A 1.25*1.25*2.60 meter enclosure on the left which will house dart frogs. Water height in here is 50cm
A 3.10*1.25*2.60 meter enclosure in the middle which will be housing the P.grandis. The water height here is 1.10m and Altum angels will be the main attraction there.
A 1.25*1.25*2.60 meter enclosure on the right which will house a chameleon, as such no water part is in there.

This is the current status of the project which is till going through cycling:


----------



## TeddytheFinger (May 8, 2019)

Wow that looks amazing!


----------



## lork-the-mighty (May 11, 2021)

Holy heck


----------



## hydrophyte (Jun 5, 2009)

Gosh.


----------



## TeddytheFinger (May 8, 2019)

Do you happen to have more upclose shots to show off each tank?


----------



## jclee (Jul 13, 2009)

Oh. My. God. You've just given me a new life goal that I may never attain. Excellent work!!!


----------



## fredk (Oct 25, 2021)

Absolutely amazing!


----------



## ctharnettnz (Dec 25, 2021)

Who needs a TV when you have that.


----------



## JasonE (Feb 7, 2011)

Woah. Impressive.


----------



## IShouldGetSomeSleep (Sep 23, 2021)

Lrams said:


> It has been ages since I have been here, but recently I remembered this as by far the best forum for this hobby. As such I would like to contribute our brand new project we started when we moved house earlier in the year. The custom made wall actually consists of 3 parts:
> 
> 
> A 1.25*1.25*2.60 meter enclosure on the left which will house dart frogs. Water height in here is 50cm
> ...


Has the Spanish moss been in there long? I have never been able to keep it alive in terraria. That's one heck of a wall! Very cool!


----------



## FloraLaura (Sep 24, 2021)

This is truly incredible. I hope you post pictures as it develops and the inhabitants move in.


----------



## RobRoyce (Jan 14, 2021)

What type of lighting did you use?!


----------



## Robru (Jan 1, 2021)

ctharnettnz said:


> Who needs a TV when you have that.


It is a TV. I see the remote control operation on the table.


----------



## solidsnake (Jun 3, 2014)

Excellent work!


----------



## Andrew Sullivan (Aug 5, 2017)

Beautiful work! I'm sure the innerworkings are also very impressive due to the size and its all hidden great. Amazing job.


----------



## Lrams (Feb 2, 2017)

TeddytheFinger said:


> Do you happen to have more upclose shots to show off each tank?


 Sure, I will upload some later this week


----------



## Lrams (Feb 2, 2017)

IShouldGetSomeSleep said:


> Has the Spanish moss been in there long? I have never been able to keep it alive in terraria. That's one heck of a wall! Very cool!

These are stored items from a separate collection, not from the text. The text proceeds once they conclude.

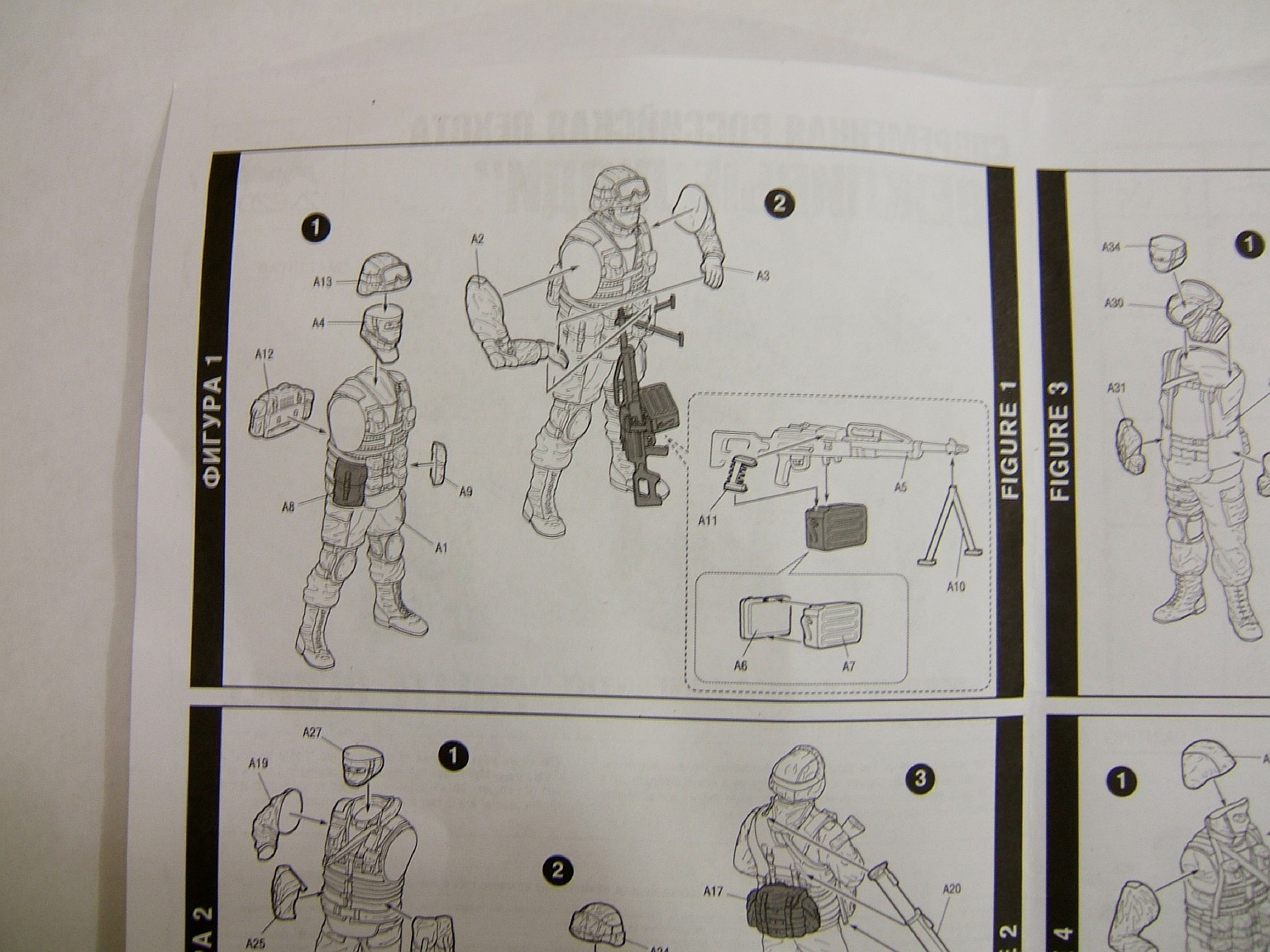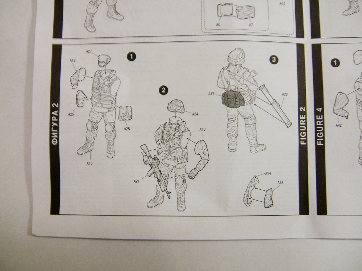 Набор содержит инструкцию в виде одного листа формата А4 отпечатоного с обейх сторон. 2 литника на которых размещено 4 фигуры солдат и 1 фигурки кота.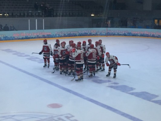 Due to a mix-up behind the scenes which meant the netminder equipment didn’t travel from Kent, Damien King had to watch from the sidelines whilst his gear was rushed-up the M1.
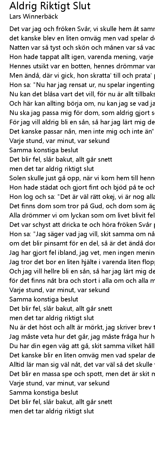 | men det tar aldrig riktigt slut |

We have had it for 3 months now; but it has grown at least by 40% since. The trick is to water it daily, but still get it dry. In this tank it is right between the heated air inflow.


----------



## Lrams (Feb 2, 2017)

FloraLaura said:


> This is truly incredible. I hope you post pictures as it develops and the inhabitants move in.

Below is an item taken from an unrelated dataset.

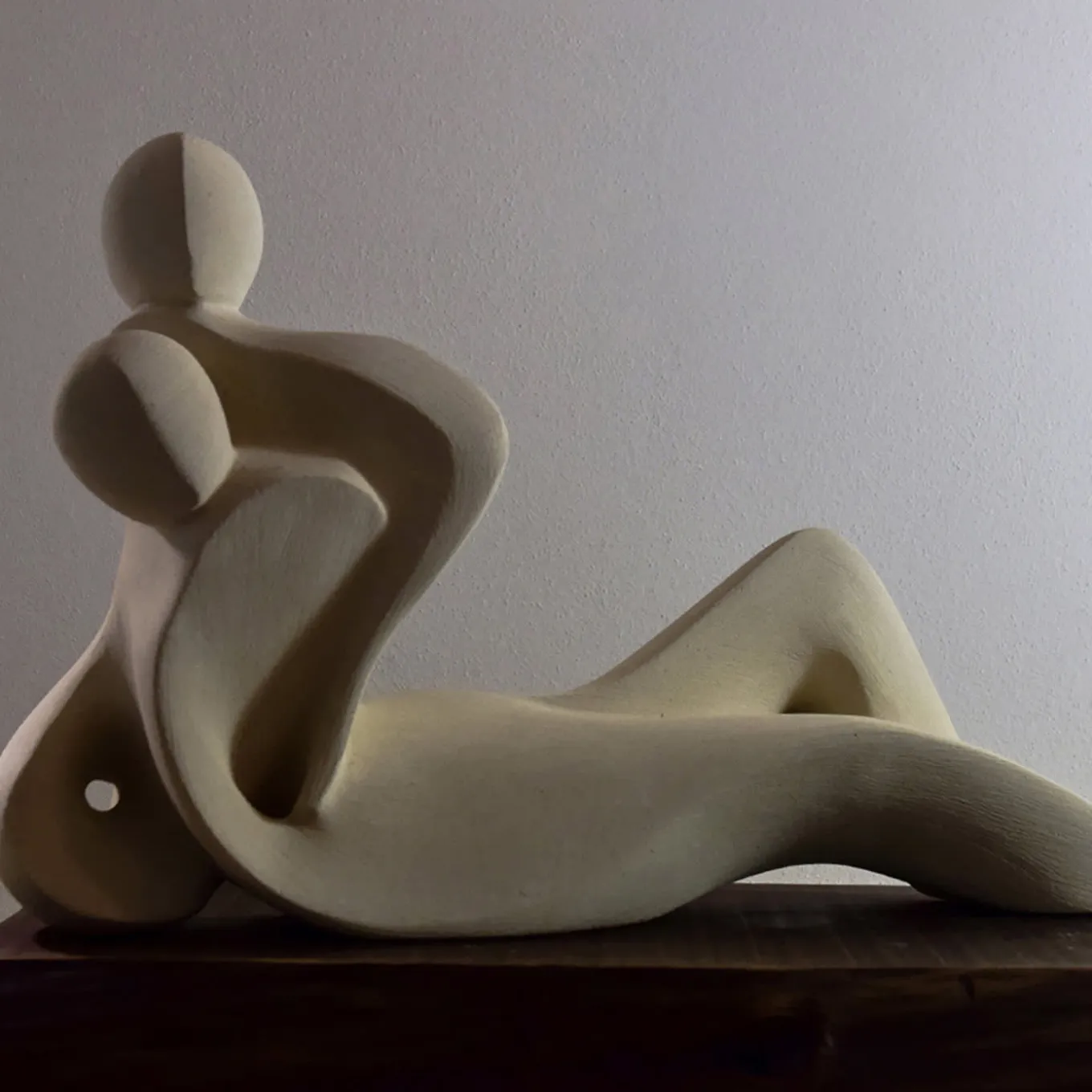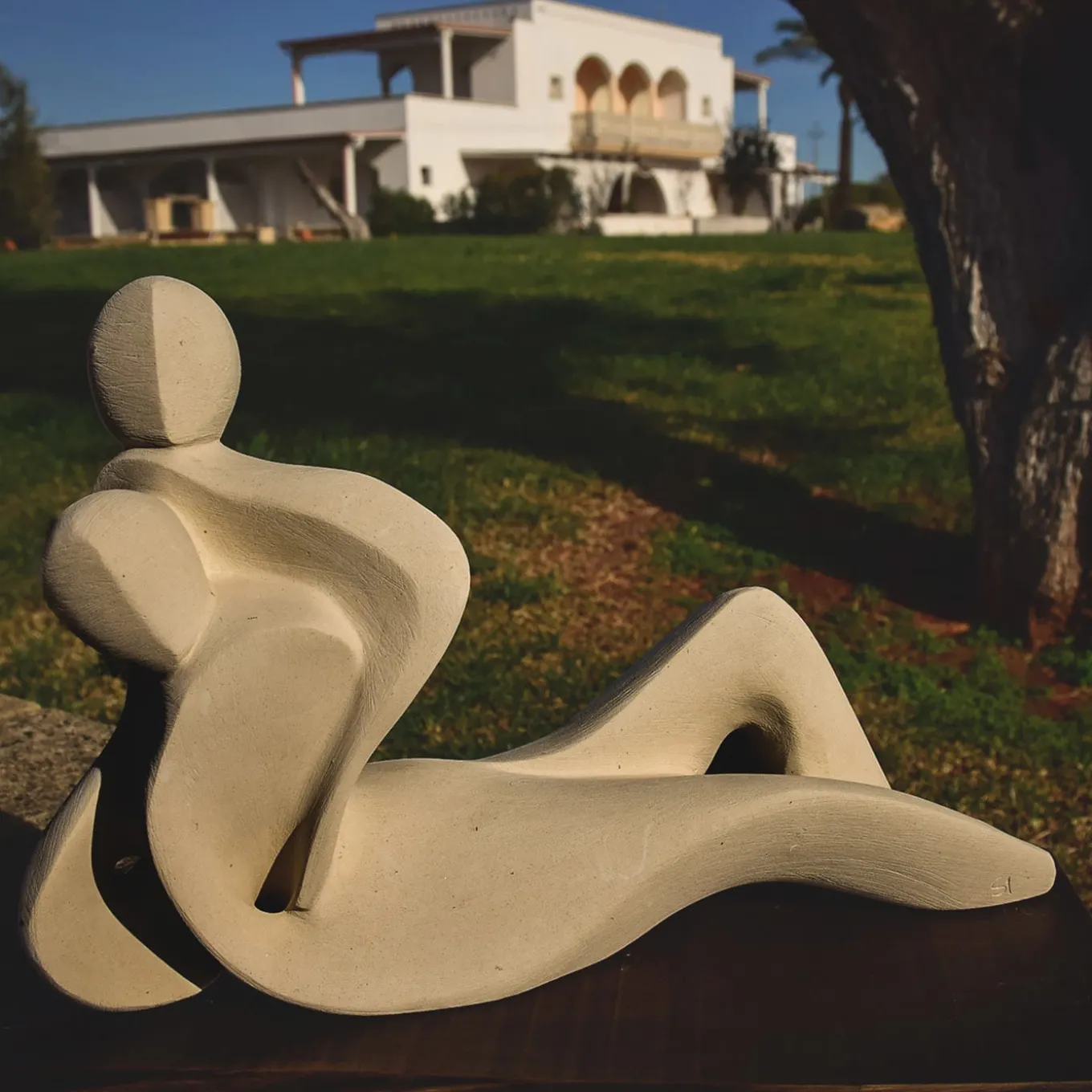 Stylized anthropomorphic shapes define this sublime sculpture, minutely handcrafted of precious marine-origin stone rich in animal and plant fossils exclusively quarried near Lecce, Apulia. The two bodies seem as frozen in a moment of overwhelming joy – hence “giubilo”. The piece is numbered and signed by the artist.

Will try to keep up, at the same time my Insta and FB will be daily updated.


----------



## Lrams (Feb 2, 2017)

RobRoyce said:


> What type of lighting did you use?!


SkyLight Hyperspots XL.


----------



## LyleWB (Dec 24, 2021)

That’s living the dream of most hobbyists. Beautiful!


----------



## Dendrobation (Jan 2, 2022)

Lrams said:


> It has been ages since I have been here, but recently I remembered this as by far the best forum for this hobby. As such I would like to contribute our brand new project we started when we moved house earlier in the year. The custom made wall actually consists of 3 parts:
> 
> 
> A 1.25*1.25*2.60 meter enclosure on the left which will house dart frogs. Water height in here is 50cm
> ...


Sir, please, I can only become but so aroused. But in all seriousness, that's an incredible setup, just breathtaking and inspiring.


----------



## Grundler (Apr 19, 2015)

Wow! Dream set-up for sure!!!


----------



## Lrams (Feb 2, 2017)

Well, I did have to intention to keep you updated....

So let's catch up with some recent social media pic I have shared. Main change has been the adding of some pond/pool lights to bring more light to the water.


----------



## ctharnettnz (Dec 25, 2021)

Lrams said:


> Well, I did have to intention to keep you updated....
> 
> So let's catch up with some recent social media pic I have shared. Main change has been the adding of some pond/pool lights to bring more light to the water.
> View attachment 304499
> ...


The big tank on the bottom looks like Dagobah. You should add an x-wing.


----------